-- Extracted material --

-.-.-

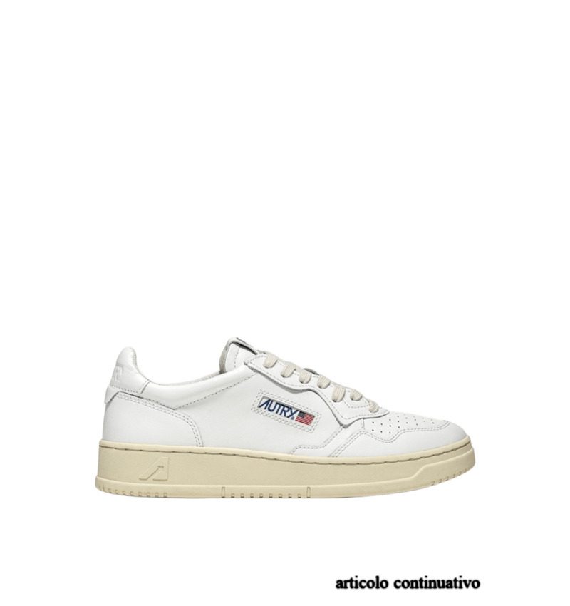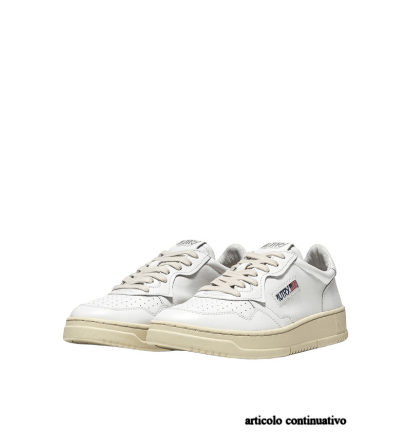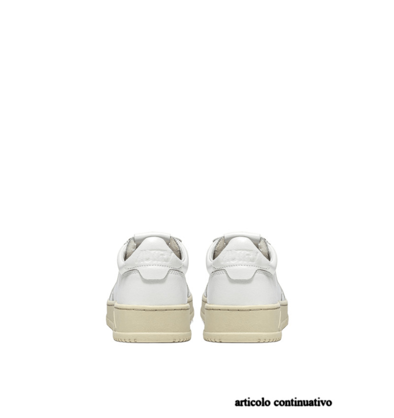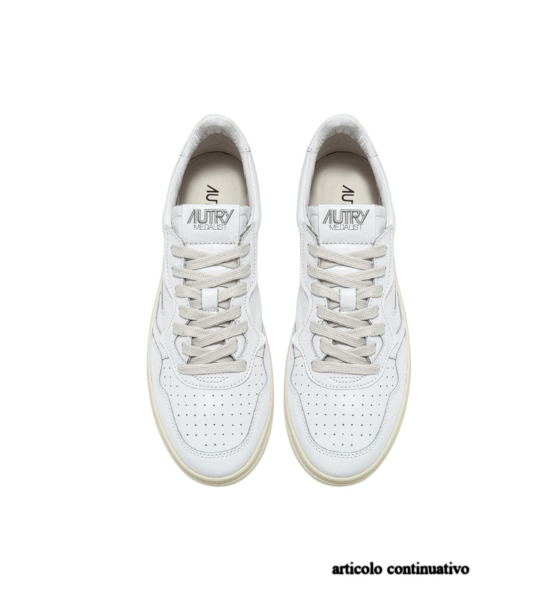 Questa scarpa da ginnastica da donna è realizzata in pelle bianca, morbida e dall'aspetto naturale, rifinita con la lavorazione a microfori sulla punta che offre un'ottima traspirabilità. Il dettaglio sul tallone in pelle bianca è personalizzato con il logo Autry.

-.-.-

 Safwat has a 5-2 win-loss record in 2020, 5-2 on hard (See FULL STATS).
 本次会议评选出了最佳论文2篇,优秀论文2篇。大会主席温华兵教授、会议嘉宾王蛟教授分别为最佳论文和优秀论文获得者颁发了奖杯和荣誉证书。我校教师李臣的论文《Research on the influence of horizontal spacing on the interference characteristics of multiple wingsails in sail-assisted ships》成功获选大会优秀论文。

-.-.-

-- What you are asked to do --
Using the entries above, return exactly the lines from the line with "Safwat has a" to the line with "in sail-assisted ships》成功获选大会优秀论文。", counting both of those lines.

-- Response to this exercise --
 Safwat has a 5-2 win-loss record in 2020, 5-2 on hard (See FULL STATS).
 本次会议评选出了最佳论文2篇,优秀论文2篇。大会主席温华兵教授、会议嘉宾王蛟教授分别为最佳论文和优秀论文获得者颁发了奖杯和荣誉证书。我校教师李臣的论文《Research on the influence of horizontal spacing on the interference characteristics of multiple wingsails in sail-assisted ships》成功获选大会优秀论文。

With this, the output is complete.